Thousands of Colorado consumers insured by Anthem Blue Cross Blue Shield will have to stomach huge premium increases for at least the next four months while a state review of the rate hike takes place.
That means policyholders such as Laurie Brock will have little choice but to keep paying higher premiums.
“I really can’t go anywhere else, and all these years I have simply sucked it up,” said Brock, a 60-year-old publishing consultant in Denver who has lupus, making it difficult to switch providers.
Brock said when her premium increased in January, it forced her to move to a higher-deductible plan. Even then, her payments — $834.53 a month to cover herself — were 31 percent higher than before.
Anthem raised most individual policy rates by more than 30 percent in January, causing angry reactions nationwide over rising health care costs and turning the provider into the reform debate’s lightning rod.
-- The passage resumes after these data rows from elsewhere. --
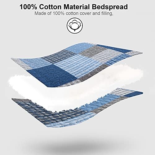 PANGUSHAN Quilts Set Queen Dimension,100% Cotton Patchwork Plaid Quilt Bedding Set,Blue/Navy Blue Reversible Bedspreads for Queen Mattress,Farmhouse Light-weight Bedding Set Mattress Unfold,All Season,3 Items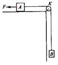 如图所示,在水平桌面的边角处有一轻质光滑的定滑轮K,一条不可伸长的轻绳绕过K分别与物块A、B相连,A、B的质量分别为mA、mB。开始时系统处于静止状态。现用一水平恒力F拉物块A,使物块B上升。已经当B上升距离为h时,B的速度为υ。求此过程中物块A克服摩擦力所做的功。重力加速度为g。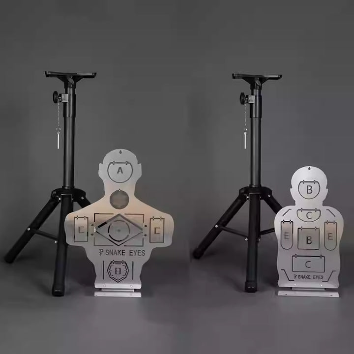 Toy gun steel shooting targets with stand Description This stainless steel human-shaped target is designed for practice and display, featuring a crisp, loud hit sound, thickened brushed steel plate, and a...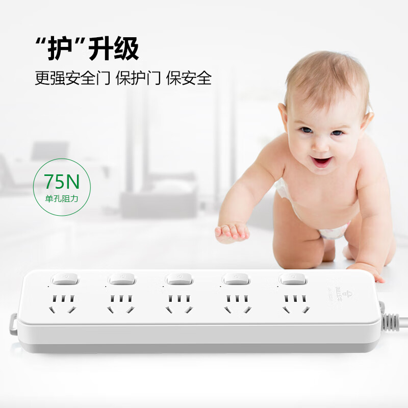 • 公牛(BULL)插座/插线板/插排/排插/接线板/拖线板 5位分控全长3米 超功率保护插座 GN-312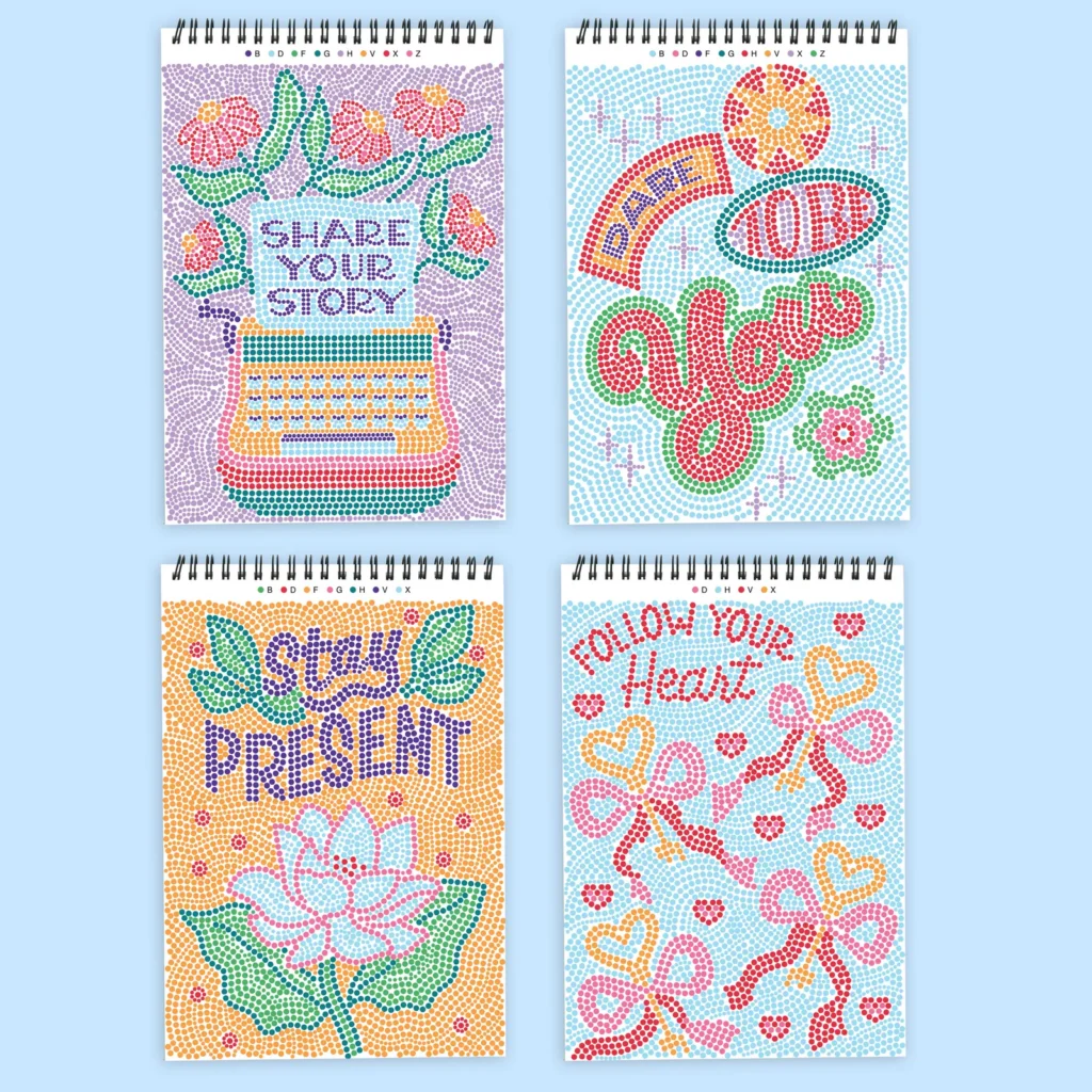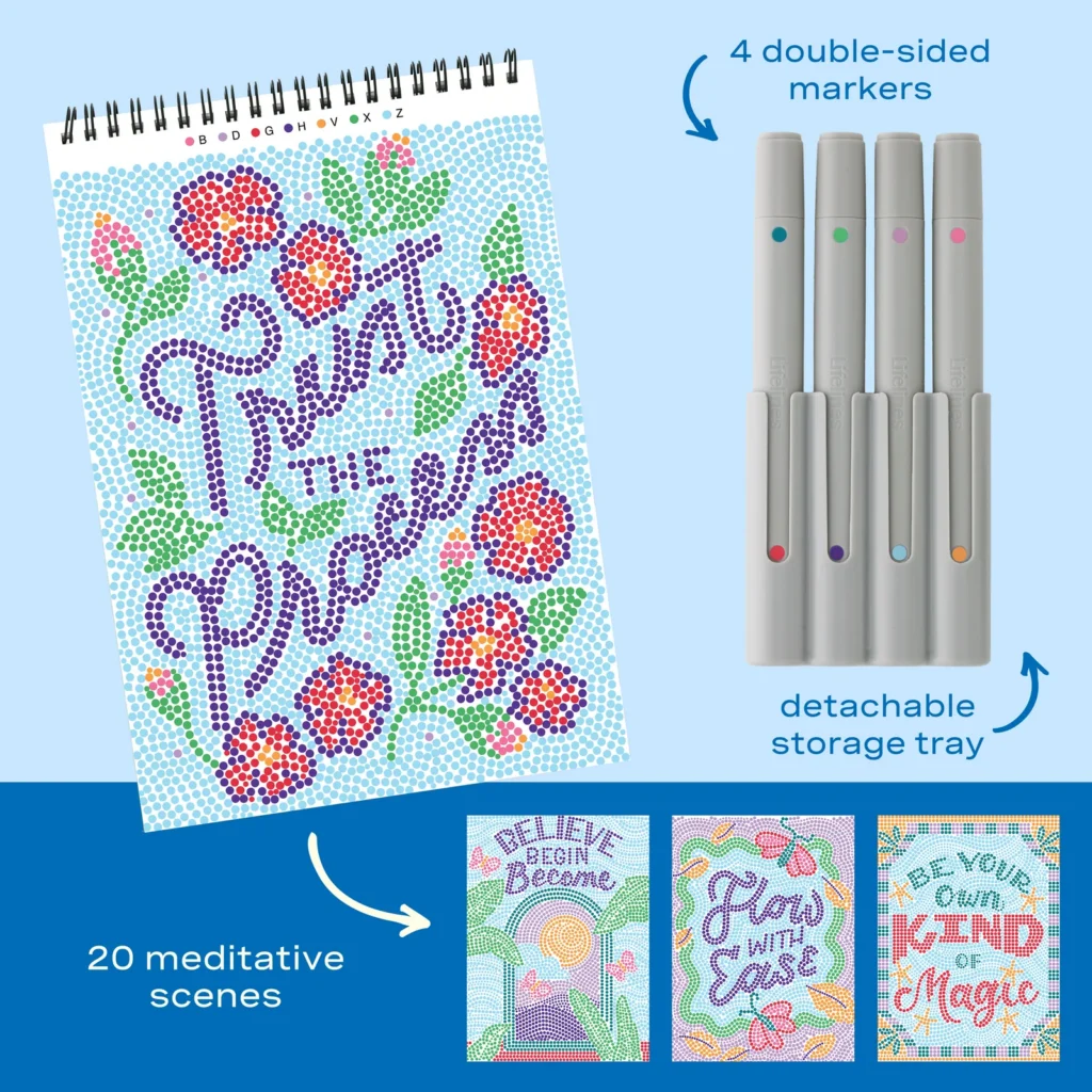 Lifelines FlowArt Pads are guided art meditations designed to help you achieve a calming flow state. Each scene is thoughtfully crafted to encourage repetitive, relaxing movements, promoting mindfulness and reducing stress. Dot-by-Letter includes 20 meditative scenes and four double-sided markers in a detachable storage tray. Engage in a meditative dotting activity using a guided letter key to fill the page with vibrant dots, creating beautiful inspirational scenes. Simply match the colors to the letters, and let the rhythmic motion of dotting bring you a sense of calm. Compact and portable, this pad is perfect for calming your mind on-the-go, unwinding before bed, or taking a work or study break to de-stress.

Several states have launched inquiries, and Colorado began its own review last week — more than five months after the increase was approved by the Division of Insurance.
A deluge of consumer complaints prompted the review, known as a “market conduct” analysis.
The state hired Leif Associates, a health care actuarial consulting firm in Denver, to do the analysis. The cost of the project will be paid by Anthem, state Division of Insurance officials said.
The review will take eight weeks, but the regulatory process of allowing Anthem time to respond to any findings and a right to appeal any final action could add four more months, Colorado Insurance Commissioner Marcey Morrison said.
“It will be a minimum of four months before consumers might see any change,” said Carol O’Bryan, the division’s director of market regulation.
The state wants to confirm that data Anthem used as the basis for the increases are sound.
Anthem has said the increases were required in part to offset the number of policyholders who dropped coverage in the tight economy, many of them healthy individuals who felt coverage was an unnecessary expense. The company, which is owned by WellPoint, said it welcomed the scrutiny.
For now, some consumers might decide to walk away from Anthem, though many say they’re finding it’s not much cheaper elsewhere.
“It’s actually somewhat tempting to self-insure,” said George Peck of Evergreen, whose premium for an Anthem policy for himself and his wife jumped by 35 percent. “If we’d been putting all the money we’ve been paying Anthem for the last 10 years into some sort of interest-bearing account, we’d probably be in a pretty good position right now to cover a catastrophic health emergency, which is about the only benefit we see in our current Anthem plan, based on its high deductible.”